Сегодня кладка стен дошла до середины их высоты. Тщательно измерив размеры проемов для двери и окна, Робик обкладывал их кирпичами. У ног его стояло корыто с цементным раствором. Рядом, у дувала, были аккуратно сложены кирпичи.
Тук-тук-тук… – это ручка мастерка постукивала по только что уложенному кирпичу. Тш-ш-ш… – это мастерок прошелся по стенке, снимая выдавленный цемент. Клюк, хлюп… – это шеф, помешав раствор, прихватил мастерком сколько нужно и кинул на стену…
– Чего глазеешь? Твердеет же, давай подвози!
Кирпичей, действительно, оставалось мало – Робик укладывал их быстрее, чем я справлялся с доставкой. Только положит один, а в руке уже новый кирпич. Пригнувшись, прищурив один глаз, Робик мгновенно осматривал его, будто дуло наводил на мишень, при этом его длинный нос, двигаясь из стороны в сторону, напоминал мушку… Но уж что верно, то верно: кирпичи он клал отлично. Это подтверждал висевший рядом отвес.
– Вези, вези скорее!
И я возил, возил, возил… Болело все тело, особенно плечи, ослабели ноги, в голове было как-то смутно… Даже самокат скрипел сильнее и пронзительнее чем всегда… Не будь он сварен из тяжелого металла, не выдержал бы груза.
Прислонив ручку самоката к стене кладовки, я нагрузил его очередной порцией кирпичей, и совсем было уже собрался идти, как вдруг случайно взглянул на ступеньки подвала.

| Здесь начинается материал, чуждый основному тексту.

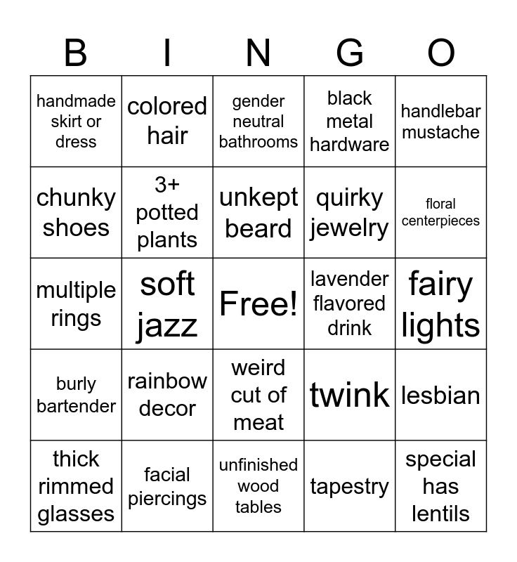 This bingo card has a free space and 24 words: rainbow decor, facial piercings, unkept beard, thick rimmed glasses, handlebar mustache, handmade skirt or dress, chunky shoes, colored hair, lavender flavored drink, weird cut of meat, quirky jewelry, multiple rings, twink, lesbian, 3+ potted plants, tapestry, fairy lights, gender neutral bathrooms, floral centerpieces, soft jazz, special has lentils, burly bartender, black metal hardware and unfinished wood tables.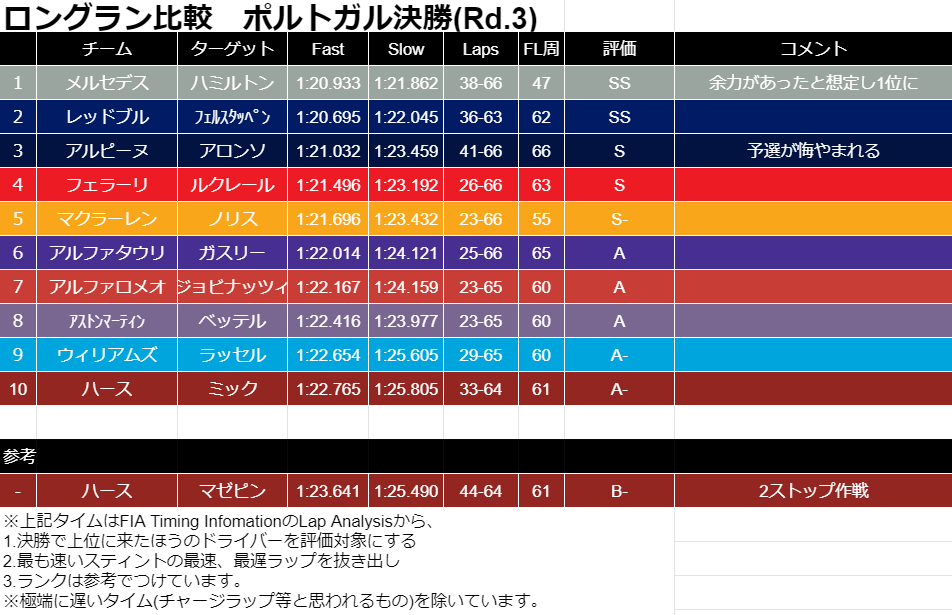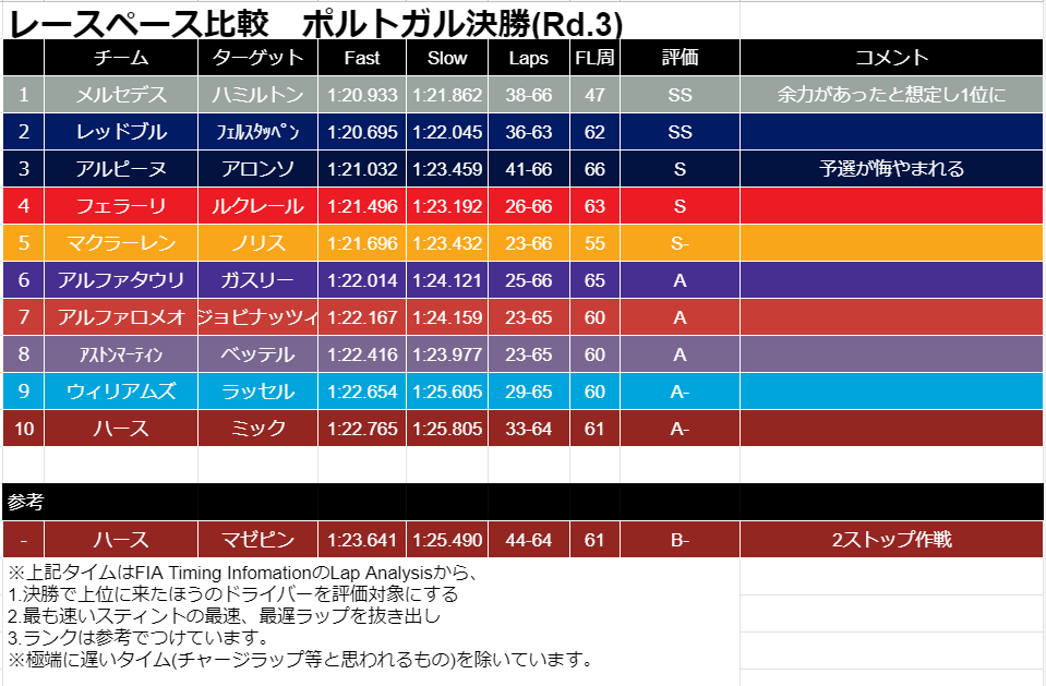 レースペース比較 ポルトガルGP決勝(2021Rd.3)

Мои ноги сами по себе сделали шаг к этим ступенькам. «Что это я делаю? – подумал я. – А эксплуататор?» И тут же то ли я сам, то ли кто-то другой во мне ответил: «Подождет»… Вот и все, что я успел подумать. И оказался внизу…
Ветхая деревянная дверь, едва держащаяся на петлях, легко распахнулась и горящее мое лицо овеяла прохлада. Щелкнул выключатель, тусклая лампочка осветила помещение с низким потолком, с земляным полом и стенами…

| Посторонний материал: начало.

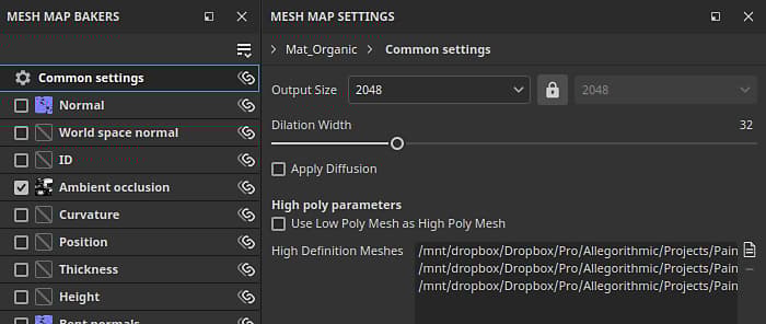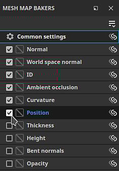 In the Mesh map bakers panel, click on the common settings to change the settings like baked map resolution, dilation width, and high poly parameters, that are shared across all maps: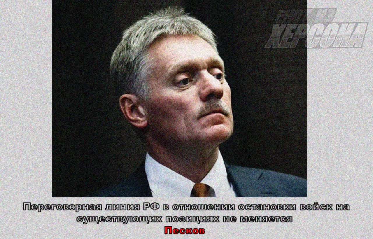 Переговорная линия РФ в отношении остановки войск на существующих позициях не меняется, заявил пресс-секретарь президента РФ Д.Песков. Только 4 региона и полная денацификация и демилитаризация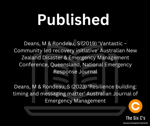 All our training is delivered by Mat and Sue, two emergency management specialists each with over 15 years practical experience with emergency service response agencies and local government. They received a Resilient Australia Award for their innovative recovery strategy, an LGPro Excellence Award for their multi-agency field exercises and an “Excellence in Emergency Communications” Award from EMPA post the South West Fires.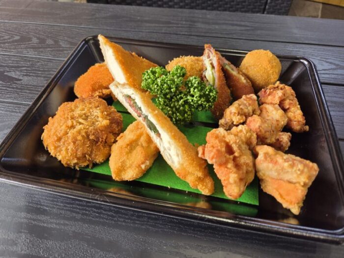 左奥から時計回りにチキンカツ、牛すじコロッケ、豚チー、豚トマ巻き、唐揚げ(塩)、唐揚げ(しょうゆ)、梅大葉ささみ揚げ、メンチカツです。
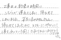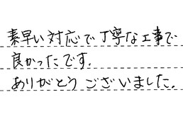 素早い対応で、丁寧な工事で、良かったです。ありがとうございました。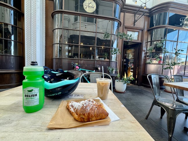 I made my way to the Burlington Arcade, and rolled my bike right on in. There was a long line of folks, but I was relieved to see that they were waiting to enter a different establishment in the arcade. I leaned my bike against the wall in front of Float and just locked the bike wheel to the frame, which seemed sufficient given I was never far from the bike or unable to keep it in view. Float seemed like more of an ice cream place, or as the name suggests, an ice cream float place. But I was on a coffee mission, so I ordered an iced lavendar latte and an almond croissant. The latter was quite good; the former was okay.

Я уселся на старый деревянный стул. «Кр-ры-к», – приветливо поздоровался он со мной… Узнал, наверно!
В жаркий летний день не было лучшего места во дворе, чем это темное земляное подполье. Блаженство – вот и все, что ощущаешь, окунувшись в прохладу подвала. Блаженство охватывает тебя, постепенно расслабляя, погружая в сладостную полудремоту… Я уже не чувствовал никаких угрызений совести или беспокойства оттого, что где-то там наверху нетерпеливо ждет меня эксплуататор.
Ну и пусть себе ждет! Хорошо ему там в тени, отбрасываемой урючиной. Солнце его не палит. Знай себе – стой и клади кирпичики… А потаскался бы с грузом по двору…
Так думал я, лениво и сонно, пока мое обожженное солнцем тело, как остывающий накаленный металл, отдавало свой жар прохладному подвалу. Развалившись на старом стуле, чувствуя, как на моем лбу высыхают капельки пота, я вдруг вспомнил, как по вечерам, остывая, потрескивают железные крыши построек. Ох, до чего же мне был теперь понятен их язык!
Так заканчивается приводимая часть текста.